At the age of 18, John made the bold decision to leave his rural life in Texas behind and move to Vancouver. The transition was not without its challenges, as he had to adapt to the fast-paced city life, which was a stark contrast to the slow, quiet days on the farm. However, John's determination and love for his new home helped him overcome any obstacles he faced.
Now, at 21, John has fully embraced his life in Vancouver. He has made new friends, discovered his favorite local spots, and even started attending college to pursue his passion for environmental science. The city's stunning natural beauty, with its lush forests and pristine coastline, reminds him of why he fell in love with Canada in the first place.
John's days are filled with exploring the city's diverse neighborhoods, trying new cuisines, and participating in various outdoor activities. He has become an avid hiker, taking advantage of the numerous trails in and around Vancouver. On weekends, he often finds himself hiking in the nearby mountains, breathing in the crisp air and marveling at the breathtaking views.
Despite the occasional homesickness for his family and the familiarity of his Texas farm, John knows that Vancouver is where he belongs. The city has captured his heart, and he can't imagine living anywhere else. He dreams of one day working in the field of environmental conservation, helping to protect the natural wonders that made him fall in love with Canada.

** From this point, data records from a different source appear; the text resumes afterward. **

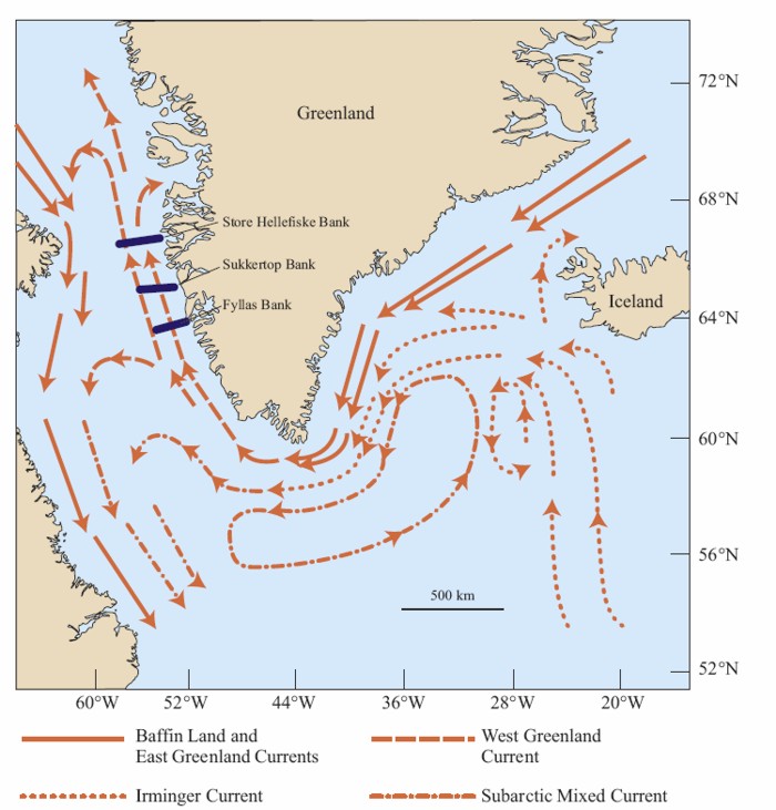 Location of three hydrographic sections off West Greenland (Pedersen & Smidt 2000).
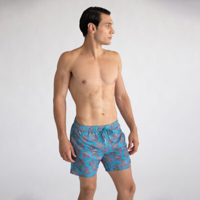 To stand out in your seaside looks and attract attention, choose a swimsuit with sea patterns, Mediterranean and Hawaiian influences. At the right length, it dries very quickly and goes perfectly with a colored polo shirt, jockey hat and espadrilles or white sneakers.
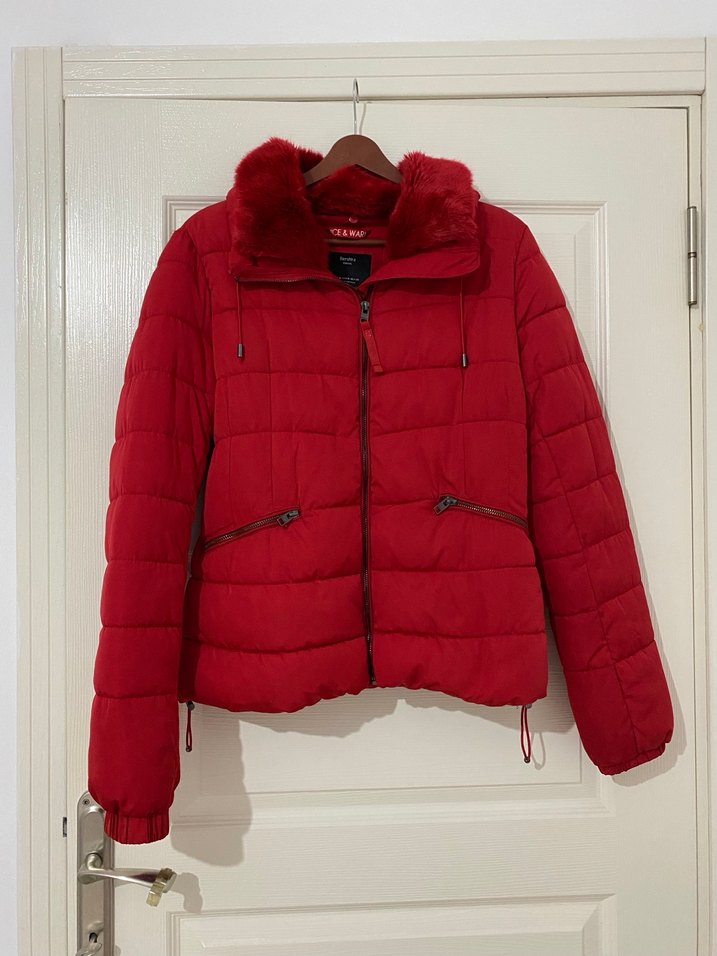 Bershka Kürk Detaylı Kırmızı Kadın Kışlık Mont
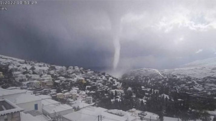 Vídeo registra momento em que tornado de neve atinge ilha grega no mar Egeu; veja
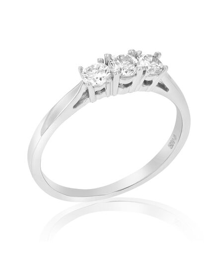 1/2 cttw 3 Stone Diamond Engagement Ring 14K White Gold Round Bridal Wedding
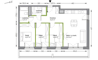 Na sprzedaż przestronne mieszkanie o powierzchni 74,40m², położone na pierwszym piętrze nowoczesnego budynku z windą. Układ został zaprojektowany z myślą o wygodzie i funkcjonalności:

As John reflects on his journey from a small farm in Texas to the vibrant city of Vancouver, he feels a sense of pride and accomplishment. He knows that his seven-year-old self would be proud of the life he has built in the country that captured his imagination all those years ago. With a smile on his face, John looks forward to the future and all the adventures that Vancouver has in store for him.
"""
Data structure¶
DataModel
base class is a perfect tool to define required data structure. We will use it to define a simple structure for this example. Please see AdvancedState for more details about the advanced data model customization.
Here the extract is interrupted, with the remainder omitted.